Hey you guys are local and are going to be at Mount Vernon next week. Skunkworks will be there (as will we). Skunks have a scouting app, and I know that they are doing a data sharing group with a couple of other teams that do not have the ability to scout on their own

At Auburn I’d suggest talking to NRG or 360, but I’m not so sure about getting outside help there (I dont remember any of those teams sharing scouting data in the past)

Good Luck, and I’ll see you next week :smiley:

Did someone say Skunk Works and scouting app?

I’ll spare you the entire description because (*(http://www.chiefdelphi.com/forums/showthread.php?t=135218)), but here is the down-low:

  • FRCscout.com lets you share data with other teams. So you could spit scouting responsibilities between as many teams as you want at competition if you were organized enough.

  • I will personally help you set up whatever you need to learn how to use Tableau (or just wait a week or two for the built-in graphs to be implemented if you don’t like doing your own analysis).

  • We will be at Mt. Vernon anyway and the data is public so if you REALLY can’t figure out to scout, just use our data. My offer to help still applies.

If you PM me, I’ll help you out some more.

Oh, and 360 is also using FRCScout.com and their lead scout is totally nice. He could also hook you up.*

We only watch one side of the field (red).

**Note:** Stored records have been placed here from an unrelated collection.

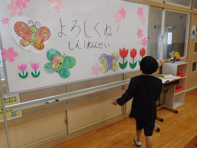 6年生が かいてくれた 黒板をまじまじと ながめています(ありがとうございました。)
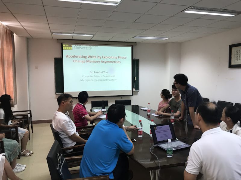2018年7月4日,密西根大学岳建辉副教授应邀来访公司,并在203会议室为公司师生做了题为《Accelerating Write by Exploiting Phase Change Memory Asymmetries》的学术报告。
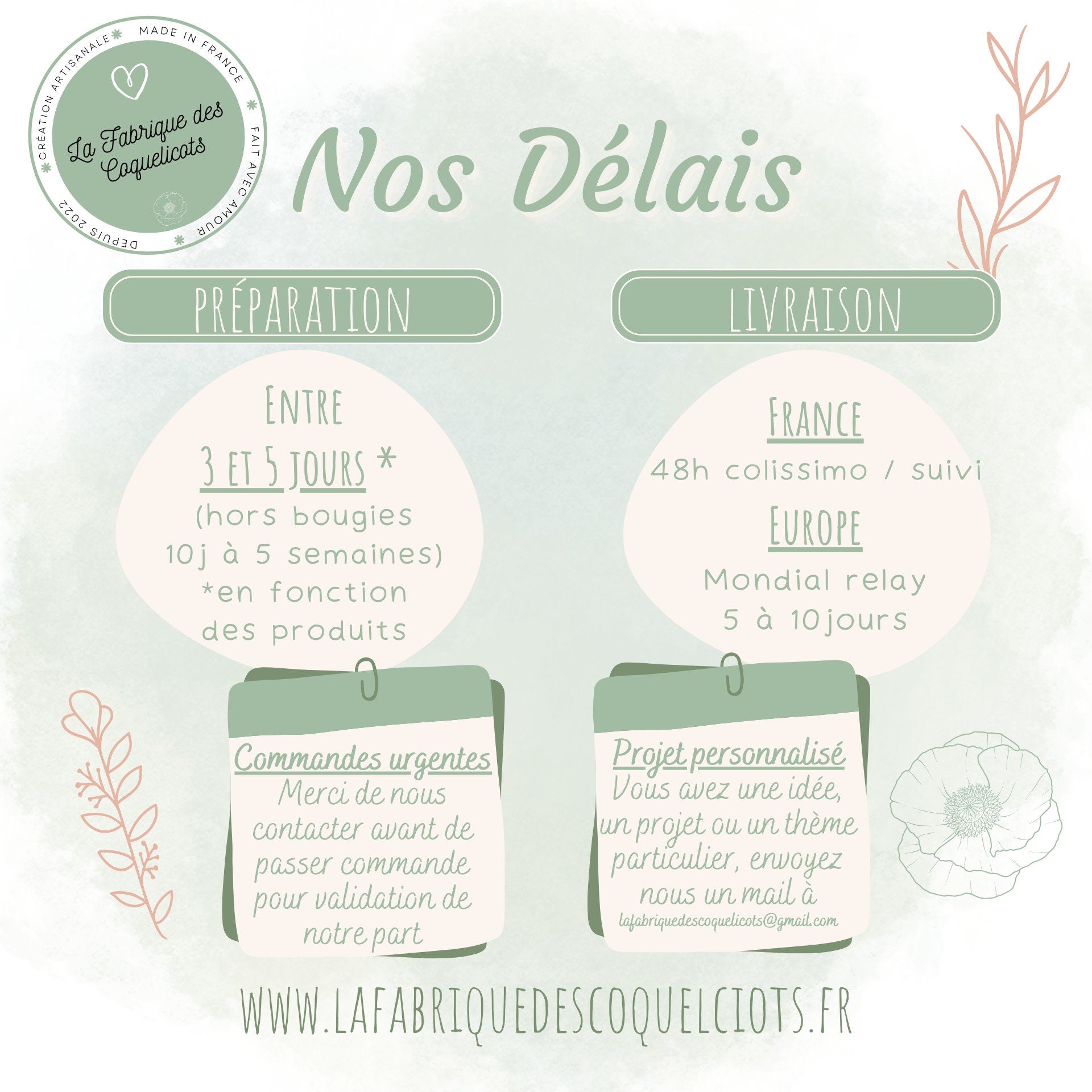 Pour tout projet personnalisé & unique, vous pouvez nous contacter à lafabriquedescoquelicots@gmail.com
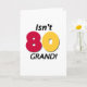 Black, red, and yellow text design for the 80th birthday that reads "Isn't 80 Grand!".
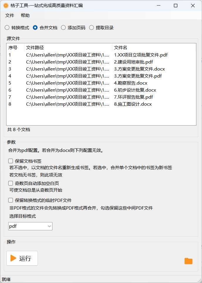 「桔子工具」是一款快速制作高质量资料汇编的工具,可以批量转换格式、合并文档、添加页码、提取目录。

With each team playing 12 times, we get 5-7 views of each team which is enough to make an informed opinion - plus we can get by with only 3 scouts.
Here is the sheet we’ve been using this year. We just log each match - draw the robot path on the right, graph the stacks and times on the left, and make any other notes on the top. It worked pretty well our first event, and we’ll be using it with another team at INKOK.

Both litter throwing and Co-Op stacks will be noted down at the bottom in the comments section along with any observations. Trying to keep it simple and uncluttered for our scouts. Here in the PNW from watching the matches last week the Co-Op stacks did not come into play as often. Our first match isnt for another 2 weeks so we still have time to tweak based on the matches the next two weeks. Definitely good to hear feedback from another region and see how scoring is going there.

The purpose of scouting is to be able to pick an alliance for Eliminations.

Since Coopertition does not exist in Eliminations, there is no reason to scout it.

As I see it, the ideal alliance is: 2 stacking bots, and 1 utility bot.

One Chute stacking bot, and one Chute or Landfill stacking bot.
You know what your bot can do, so scout for the other two bots.

You also want an alliance team that can do the following in autonomous:

  1. Move to the Autonomous zone;
  2. Bring along an RC (worth more than totes, and those you want to leave off the field to keep them out of the way).
  3. If a team can stack the yellow totes in autonomous, that is a bonus. Don’t try for a tote set. Not worth the hassle yellow totes in the way.

For the utility bot

  1. Can place the RC high (level 4 to 6)
  2. Can move litter out of the way, but ideally to the landfill (each litter into the landfill is a 5 point swing).

Litter:
You want a person that is really good at throwing litter. If you find that person, make a note of which team they are on. Bonus points to that team.

Given the slow pace of the game, it is possible for one person to scout all 6 teams at once. You may not have all the detail, but you can assign a robot to a role, and give it a score for how well it does that role.